Depends on the queries. Point queries that take 1ms each? Sure. Analytical queries that take 1000ms+ each? Not so much.

StreamBright · on Sept 27, 2022

I see this problem a bit more nuanced. Why does everybody starting with the assumption that the solution is SQL? You can get very far with a k:v store like S3 for example. On the top of that, if you really need SQL you can use a lot of different systems (without k8s).

c2h5oh · on Sept 26, 2022

That kind of a load you can handle on spinning rust without breaking a sweat.

eptcyka · on Sept 27, 2022

NVME? You can serve this from a raspberry pi.

xani_ · on Sept 26, 2022

It's essentially just a process running in a cgroup so performance shouldn't be all that different than bare metal/VM postgresql.

Main difference would be storage speed and how it exactly is attached to a container.

kccqzy · on Sept 26, 2022

> This is the reason why we were able to easily cope with 2M+ requests in less than 24h

I thought this was referring to 2M+ requests per second over a ramp period of 24h, not 2M requests per 24h?

XCSme · on Sept 26, 2022

2M+ requests per day can be handled on a pretty cheap VPS even by MySQL, but it depends on the request complexity and, more importantly, the database size.

brand · on Sept 26, 2022

I’ve personally deployed O(TBs) and O(10^4 TPS) Postgres clusters on Kubernetes with a CNPG-style operator based deployment. There are some subtleties to it but it’s not exceeding complicated, and a good project like CNPG goes a long way to shaving off those sharp edges. As other commenters have suggested it’s good to really understand Kubernetes if you want to do it, though.

radimm · on Sept 26, 2022

Thanks for the confirmation. As mentioned I'm not saying no to it. It is really that "really understand" part which holds me back for now - mainly the observability and dealing with edge cases in high-throughput environment.

remram · on Sept 27, 2022

> O(TBs) and O(10^4 TPS)

What does this syntax mean? Surely you wouldn't use big-o notation with a constant in it, especially to convey the same meaning as the thing without the O?

MikePlacid · on Sept 27, 2022

Mathematically speaking the statement you are objecting to is correct: c1 is O(c2) for any constants c1, c2.

English-language-ly speaking the statement you are objecting to is also correct: both you and I managed to get it’s correct meaning.

No?

remram · on Sept 27, 2022

No, I am not sure about the meaning at all.
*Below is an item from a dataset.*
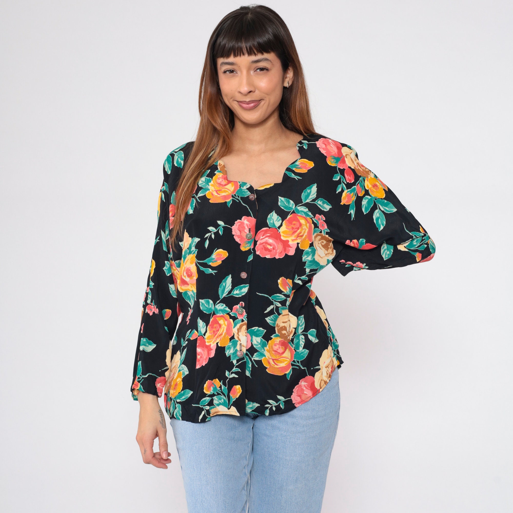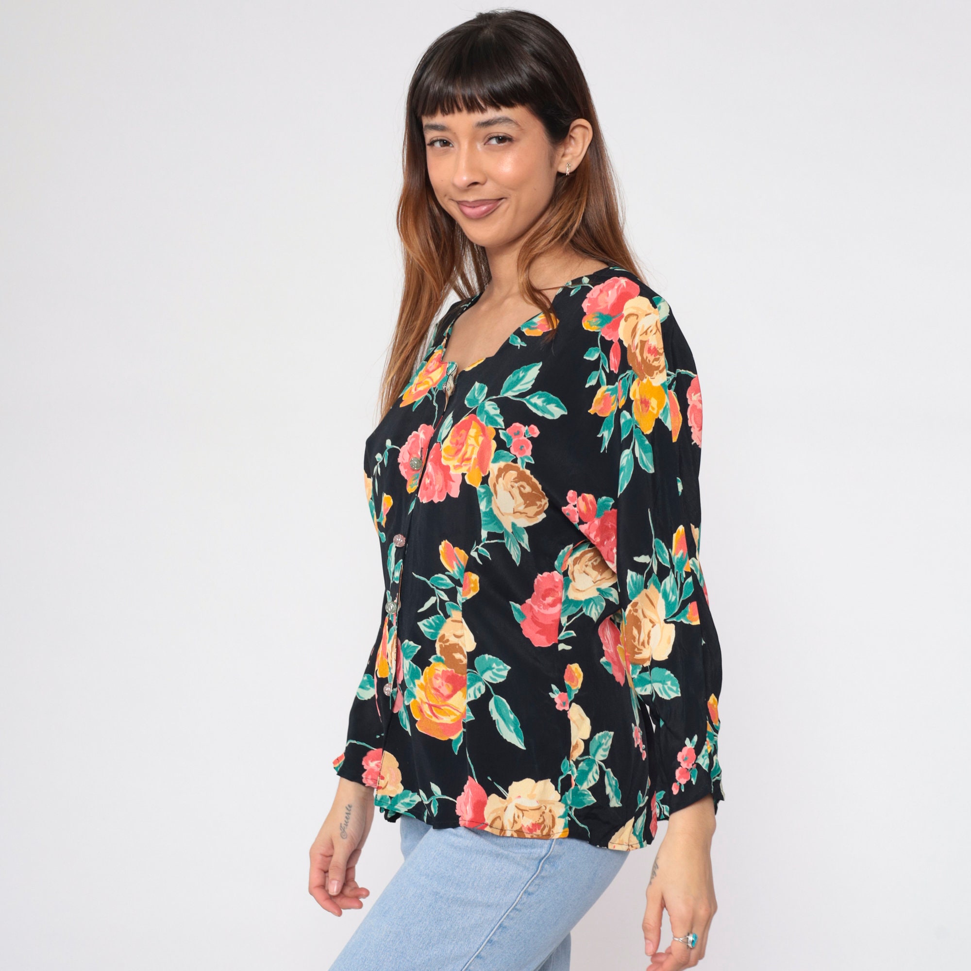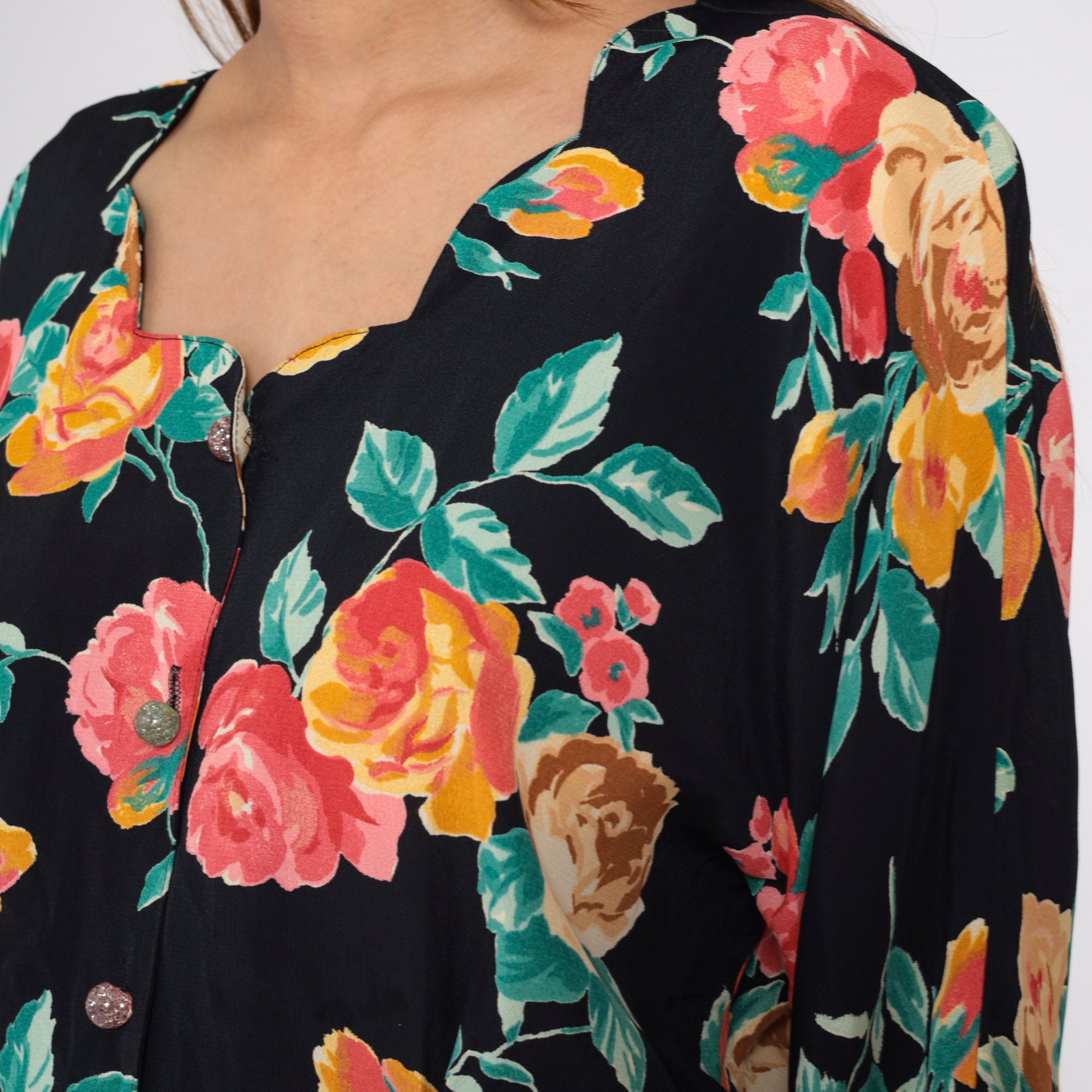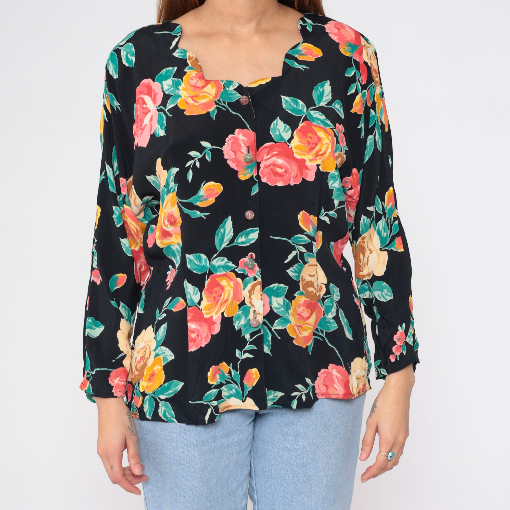 Vintage 90s blouse in black with a floral print. Buttons up the front with long sleeves and a scalloped neckline.

Did they deploy databases that will tend to be a TB in size as something tends to infinity? Or multiple TBs? I don't know if they know about the constant factor since they don't know what the notation mean. Maybe they know what it means and are using it for a clever lie, a 1kB database is O(1TB). So is an empty database.

GGP is trying to be cool, and doing so stripped all meaning from their statement.
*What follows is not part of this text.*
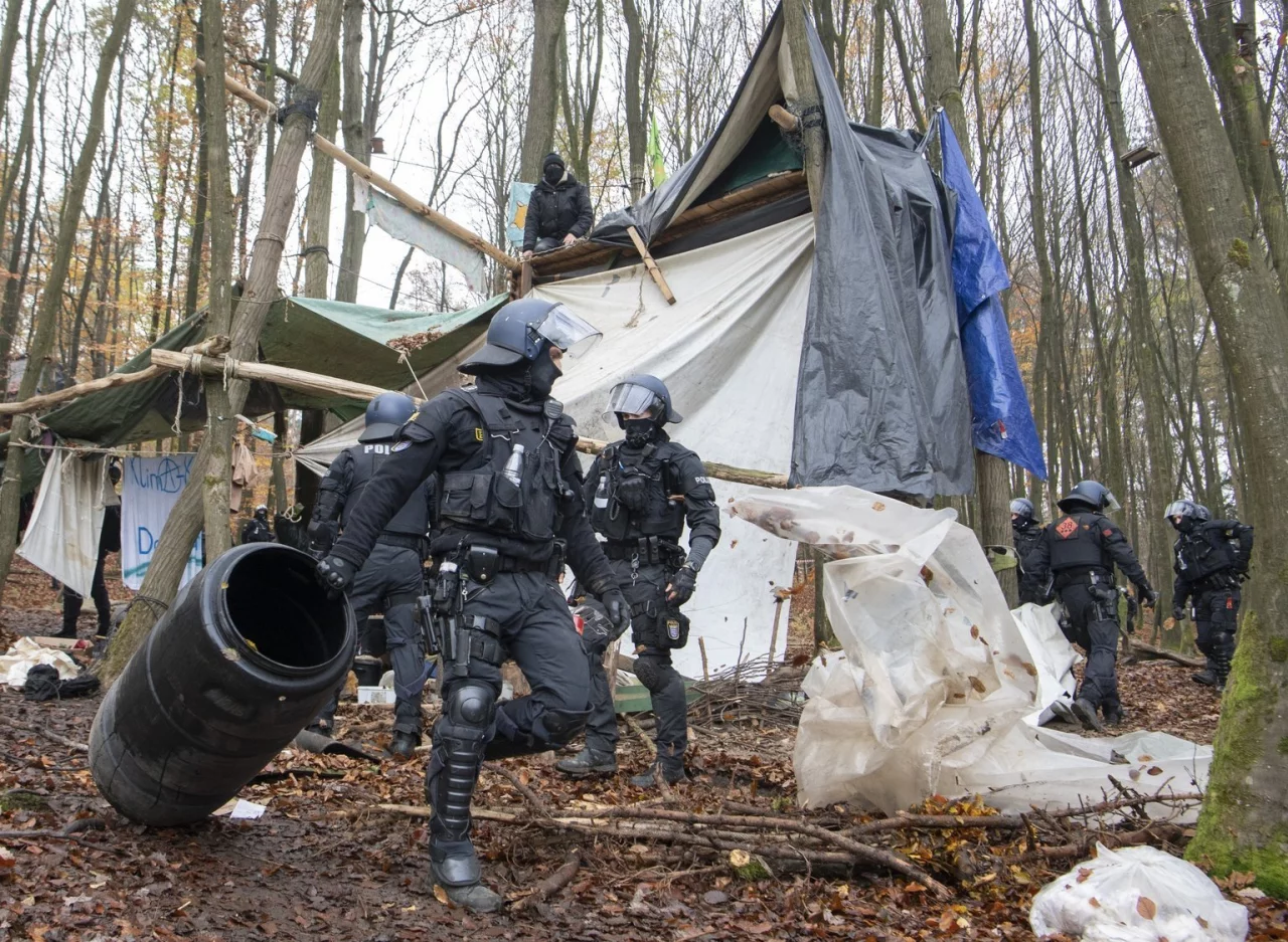 Die Beamten räumten größere Hindernisse wie gestapelte Baumstämme und Äste mit Draht von den Wegen. «Es ging darum, die Zufahrtsstraßen frei zu machen», sagte ein Polizeisprecher. Ein größeres Polizeiaufgebot rückte auch in eines der Waldbesetzer-Camps vor. Mehrere Demonstranten versuchten der Polizei zufolge, auf Baumaschinen zu klettern. Dabei sei ein Schlagstock eingesetzt und ein Aktivist verletzt worden.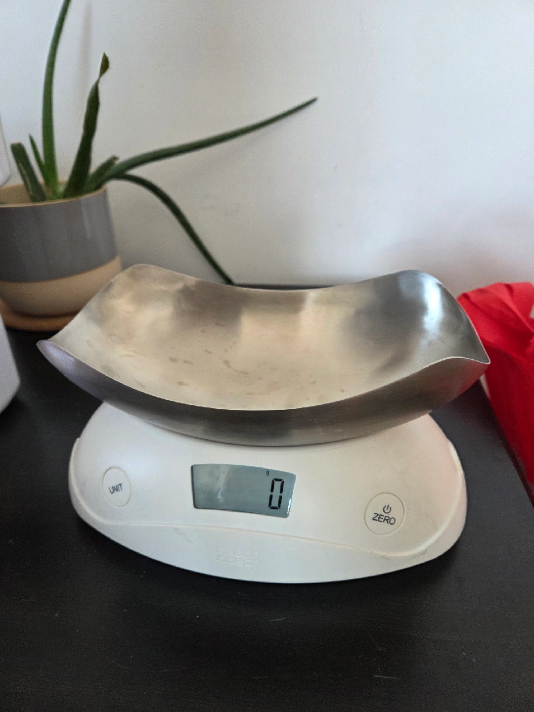 Joseph Joseph digital kitchen scale with a stainless steel bowl. It's in great condition. The bowl is perfect for measuring ingredients, and the scale is accurate, easy to use, and has different units for measuring. Batteries included.

MuffinFlavored · on Sept 27, 2022

> Having recently heard a lot of about PostgreSQL in Kubernetes

I could never get a straight answer on whether running a database in a container (and mounting the storage volume through a bind mount/network drive or whatever) came with a performance hit compared to running it as a systemd service for example.

speedgoose · on Sept 27, 2022

It does but it’s minimal. Especially compared to the high latency and low throughout network volumes provides (which are the defaults on cloud VMs).

ahachete · on Sept 27, 2022

In case you are interested, I blogged about it last year: https://thenewstack.io/kubernetes-will-revolutionize-enterpr...

TL;DR performance impact should be negligible, could be even slightly negative compared to a VM (when running K8s on bare metal).

MuffinFlavored · on Sept 27, 2022

What's the best way to simply mount the storage volume needed for Postgres to be performant?

qeternity · on Sept 26, 2022

These threads are always full of people who have always used an AWS/GCP/Azure service, or have never actually run the service themselves.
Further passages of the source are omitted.